───── Data excerpt

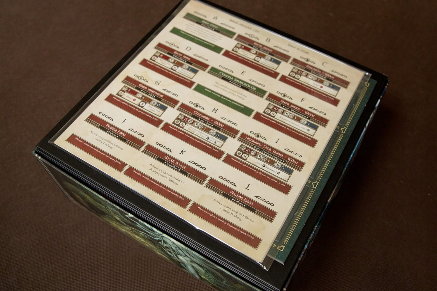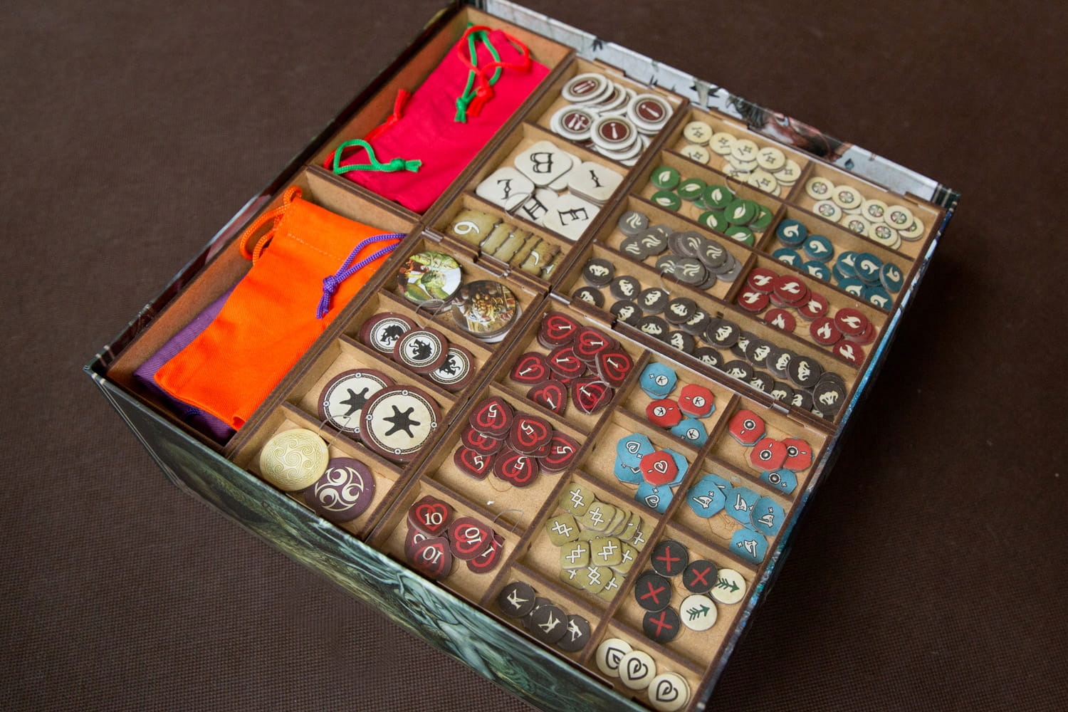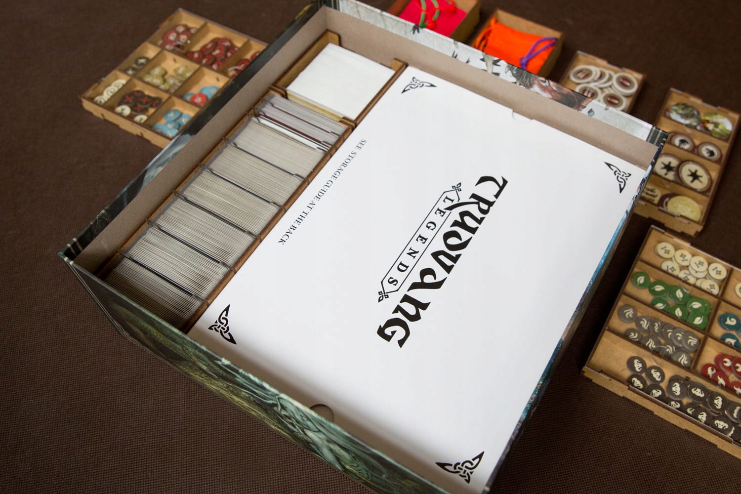 Вставте відповідність пригодницькій грі Trudvang Legends. Контейнери для жетонів і маркерів також служать підносами, які можна поставити на стіл. Фігурки зберігаються в оригінальному пластиковому литнику. Для карт, перетасованих під час гри, вкладиш забезпечує простір для них у преміальних рукавах розміром до 110 мікрон - це карти Атаки ворогів / Карти подій / Карти подвигів для кожного Героя. Решта листівок без рукавів. На фотографіях зображені карти в гільзах Gamegenic 100 мікрон. Відділення для карток героїв забезпечують більше місця, щоб можна було «зберегти» гру для заданого персонажа.
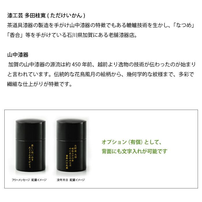 明治10年創業の山中漆器の老舗 多田桂寛(ただけいかん)の伝統工芸師たちの手により、ひとつひとつ丹念に仕上げられた本漆天然木のミニ骨壺です。
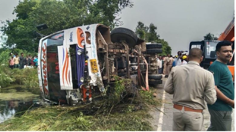 कानपुर में बड़ा सड़क हादसा, स्कूल बस ने बाइक को मारी टक्कर, खाई में पलटने से पिता-पुत्र की मौत, बेटी ICU में
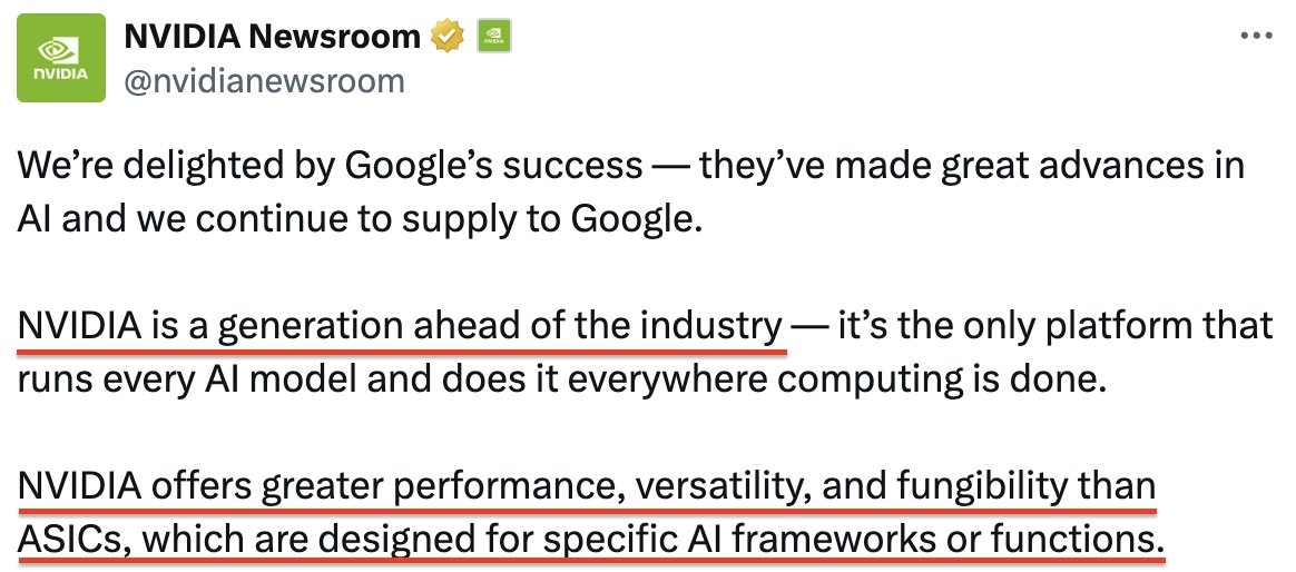 我们对谷歌的成功感到非常高兴,他们在AI领域取得了巨大进步,我们将继续为其提供产品和服务。英伟达领先业界一代,它是唯一能够运行所有人工智能模型并应用于所有计算场景的平台。与专为特定AI框架或功能设计的ASIC相比,NVIDIA提供了更高的性能、多功能性和可互换性。

──────────

▶ [Exercise details]:
Starting with the line that contains "कानपुर में बड़ा", repeat each line exactly until the listing ends, including the last one. Leave pictures out.

▶ [Exercise solution]:
 कानपुर में बड़ा सड़क हादसा, स्कूल बस ने बाइक को मारी टक्कर, खाई में पलटने से पिता-पुत्र की मौत, बेटी ICU में
 我们对谷歌的成功感到非常高兴,他们在AI领域取得了巨大进步,我们将继续为其提供产品和服务。英伟达领先业界一代,它是唯一能够运行所有人工智能模型并应用于所有计算场景的平台。与专为特定AI框架或功能设计的ASIC相比,NVIDIA提供了更高的性能、多功能性和可互换性。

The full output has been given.